As the names suggest, all these drugs are not familiar to the simple to a person, they are very specific. And even if the doctor spent diagnostic search and accurately established the diagnosis, type of course and the severity of multiple sclerosis, and “prescribed” the right medicine, you should not think that the medicine will immediately be to the patient assigned:

  1. The PITRS Appointment Commission should recommend this a drug;
  2. information must be submitted to the regional office health care, where the patient will be put on a waiting list (!);
  3. an answer should come from a health facility;
  4. to prescribe the drug, the patient is again examined by a neurologist (and suddenly he recovered, and this is not a joke, because ITU regularly come disabled people report that they still have no legs or hands);
  5. then a prescription is written, it is copied to an outpatient a map;
  6. the patient learns to do injections, and only then he receives the drug, if the auction took place, and he appeared in this region of the Russian Federation.

But quite often interruptions occur, and treatment should be continue. In this case, a painful replacement of one funds for another, which the patient almost always tolerates poorly. Why bad? Yes, because all the changes we have are working in one side, and sudden purchase instead of cheap patriotic means of an expensive imported drug that is well tolerated – this is from the realm of fiction. There are a lot of “pitfalls” here. For example, a drug may be purchased by the state when it is due. validity, although valid, is nearing its end. This allows write off under the tender unrealized balances that are already guaranteed not to be sold, if there is an administrative resource.

Of course, sometimes PITRS drugs should be changed abroad. IN ideally, the doctor should have several means, since one drug may go to the patient, and the second may not “go”. Finally, if the course of the disease changes, then it will be necessary vertical replacement, that is, a transfer from the first line to the second. Than the sooner this is done, the better.

Conventional medicine

Unfortunately, financial injections in the treatment of multiple sclerosis not limited to expensive specific drugs, though, of course, this is the most serious expense item, as individuals, and public health.
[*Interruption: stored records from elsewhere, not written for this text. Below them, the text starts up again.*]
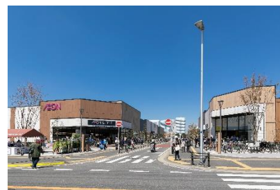
「イオンスタイル幕張ベイパーク」 外観写真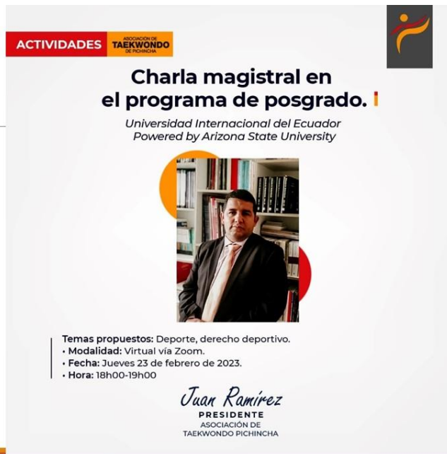
Gráfico No. 9

Gracias a la universidad internacional del ecuador, estaremos presentes como ponentes en la charla magistral sobre derecho deportivo. 12 de abril de 2022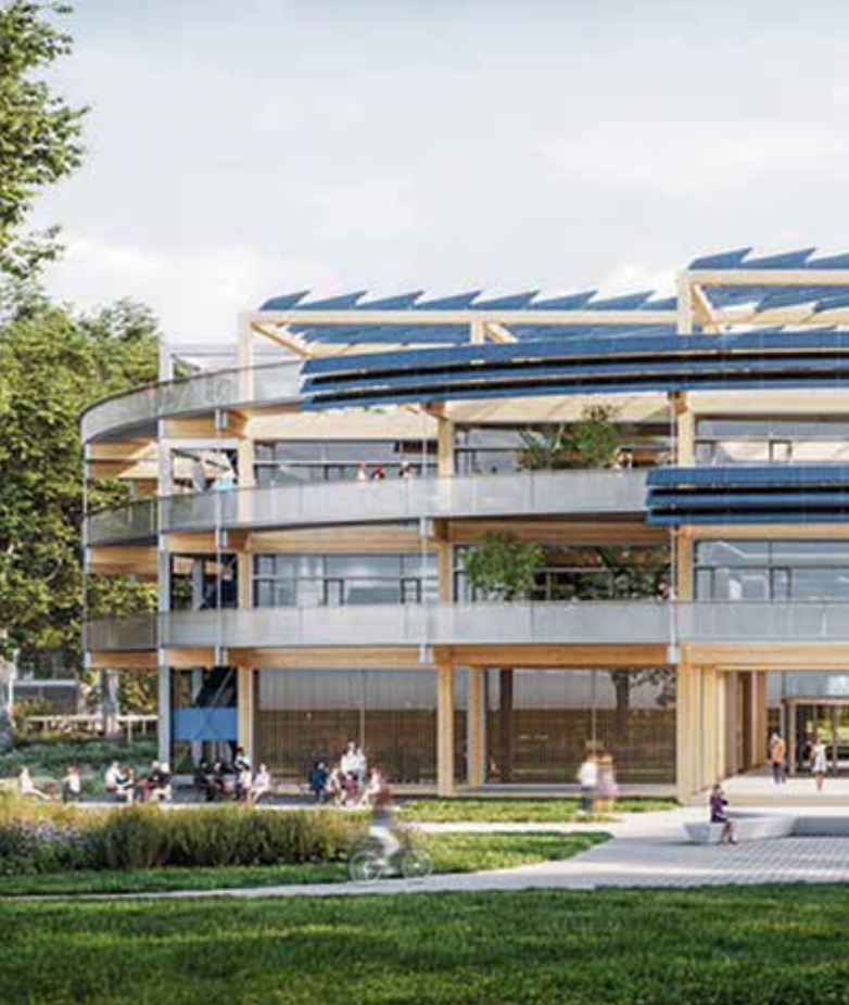
Hoofdgebouw de ultieme Corporate Campus

Patients need a lot conventional medicines:

  1. many with multiple sclerosis have increased muscle tone, or spasticity. They are assigned Midokalm, Baclofen and Sirdalud. For anticonvulsants are also used to treat spasticity gabapentin, especially in painful forms;
  2. with severe spasticity, Botox or Dysport is recommended;
  3. in the presence of pelvic disorders and imperative urges to urination is used Driptan, Detrusitol;
  4. a patient with multiple sclerosis often has pain. As with neuropathic pain, gabapentin is used, finlepsin, lamotrigine, clonazepam;
  5. due to limited mobility, back pain occurs which bathe non-steroidal anti-inflammatory drugs;
  6. a large number of patients have sexual disorders, Phosphodiesterase inhibitors such as Viagra Cialis and Levitra for active life;
  7. it is extremely important to fight depression, for this apply modern antidepressants.

You can list drugs for a very long time, but it must be remembered that not only medicines are necessary for patients for the treatment of multiple sclerosis, but also physiotherapy, massage, and then, with the development of disability – various physical means rehabilitation.

Also vital is proper mental psychological attitude, attitude to the disease, full and prolonged sleep, which should be at least 7 hours. A patient should optimize their motor activity, and even allowed to play sports. Full employment is very important. at work as it contributes to psychological comfort.

Of course, family support is important because at present medicine has reached such a stage of development that a woman who is sick multiple sclerosis, can become pregnant and give birth, because it is not affects the risk of exacerbation, and the child does not have multiple sclerosis transmitted. It is important to remember that with proper treatment and timely relief of exacerbations can put off symptoms this disease for many years and live a full and active a life.

Attention! This rating is subjective, not advertising and does not serve as a guide to the purchase. Before the purchase consultation with a specialist is necessary.